Listed entries below:

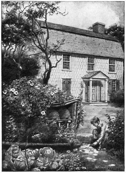 The whole house was soon in a bustle. Sarah Franklin, who sat with Betsey Shewell on a bench in one of the fast-drying paths near the doorway, heard many sounds familiar to her housewifely ears. There were the whack and thump of duster and broom. Delicious odors soon[47] began to steal from the kitchen and mingle with the scents of revived flowers.
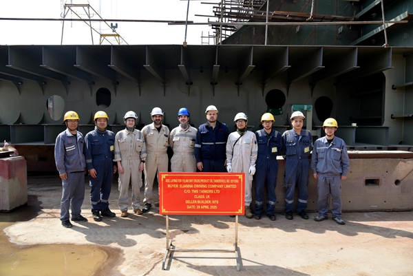 4月29日上午,公司在西區(qū)1#塢舉行船舶進(jìn)塢合攏儀式,58#50000噸Ⅱ類化學(xué)品船、56#115000噸油船船體結(jié)構(gòu)分段開始搭載建造。
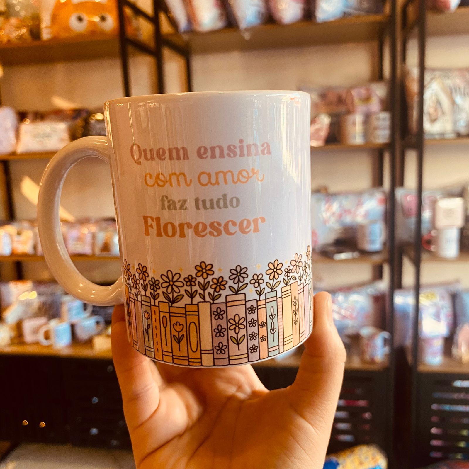 Caneca Porcelana 325ml – Quem Ensina com Amor Faz Tudo Florescer (Livros)
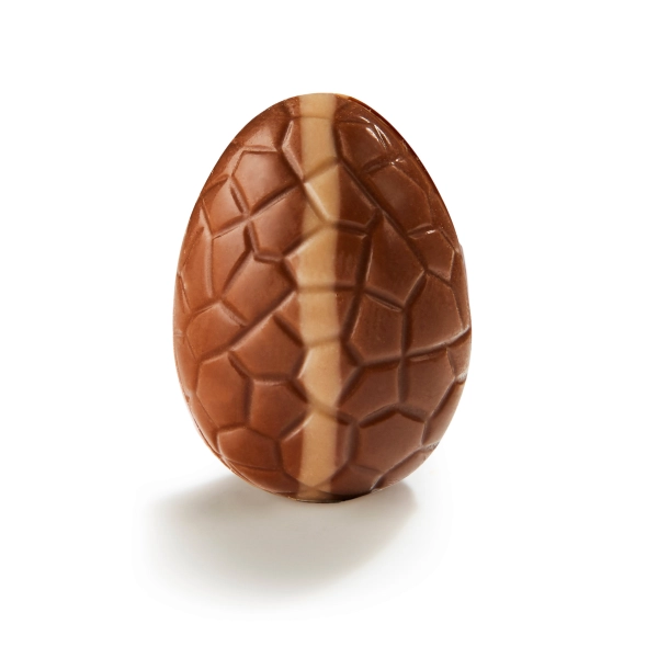 Voor puristen is er het massief melkchocolade eitje. Geen vulling, geen afleiding – alleen de volle, romige smaak van premium Belgische melkchocolade. Dit paaseitje toont de kwaliteit van de chocolade in zijn zuiverste vorm en is perfect voor wie van eenvoud houdt.
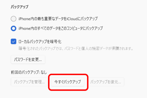 [ローカルバックアップを暗号化]にチェックを入れたら、右下の[適用]をクリック後に[今すぐバックアップ]をクリックすれば、バックアップが開始される。
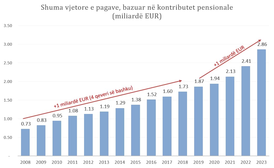 Rritja më e madhe brenda një viti ka ndodhur në vitin 2023, ku janë shtuar 450 milionë euro më shumë paga sesa viti 2022. Nga kjo shumë, rreth 114 milionë euro (17% rritje) janë shtuar nga rritja e pagave në sektorin publik si rezultat i hyrjes në fuqi të ligjit të pagave, kurse pjesa tjeter e rritje vjen nga sektori privat, kryesisht nga shtimi i vendeve të punës por edhe rritja e pagave për ato ekzistuese.
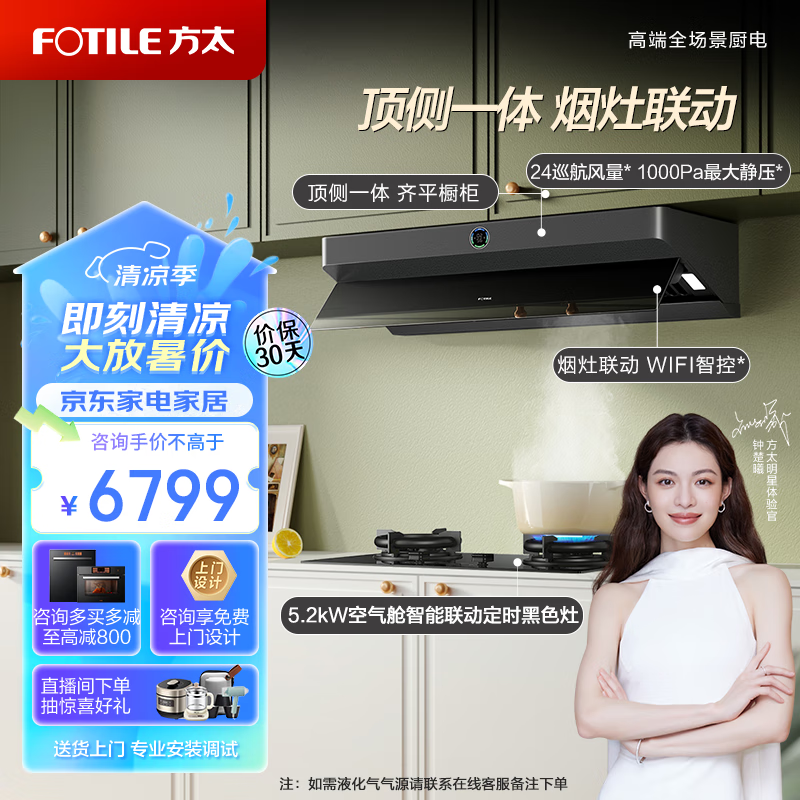 方太(FOTILE)F2抽吸油烟机灶具套装 顶侧一体齐平橱柜 24巡航风量 智能定时免看管烟灶联动套餐01-F2.i+TE21价格:6799.00元!

End of Listed entries.

# [Action item]
Every record above must be printed exactly, except for its images.

# [Task result]
 The whole house was soon in a bustle. Sarah Franklin, who sat with Betsey Shewell on a bench in one of the fast-drying paths near the doorway, heard many sounds familiar to her housewifely ears. There were the whack and thump of duster and broom. Delicious odors soon[47] began to steal from the kitchen and mingle with the scents of revived flowers.
 4月29日上午,公司在西區(qū)1#塢舉行船舶進(jìn)塢合攏儀式,58#50000噸Ⅱ類化學(xué)品船、56#115000噸油船船體結(jié)構(gòu)分段開始搭載建造。
 Caneca Porcelana 325ml – Quem Ensina com Amor Faz Tudo Florescer (Livros)
 Voor puristen is er het massief melkchocolade eitje. Geen vulling, geen afleiding – alleen de volle, romige smaak van premium Belgische melkchocolade. Dit paaseitje toont de kwaliteit van de chocolade in zijn zuiverste vorm en is perfect voor wie van eenvoud houdt.
 [ローカルバックアップを暗号化]にチェックを入れたら、右下の[適用]をクリック後に[今すぐバックアップ]をクリックすれば、バックアップが開始される。
 Rritja më e madhe brenda një viti ka ndodhur në vitin 2023, ku janë shtuar 450 milionë euro më shumë paga sesa viti 2022. Nga kjo shumë, rreth 114 milionë euro (17% rritje) janë shtuar nga rritja e pagave në sektorin publik si rezultat i hyrjes në fuqi të ligjit të pagave, kurse pjesa tjeter e rritje vjen nga sektori privat, kryesisht nga shtimi i vendeve të punës por edhe rritja e pagave për ato ekzistuese.
 方太(FOTILE)F2抽吸油烟机灶具套装 顶侧一体齐平橱柜 24巡航风量 智能定时免看管烟灶联动套餐01-F2.i+TE21价格:6799.00元!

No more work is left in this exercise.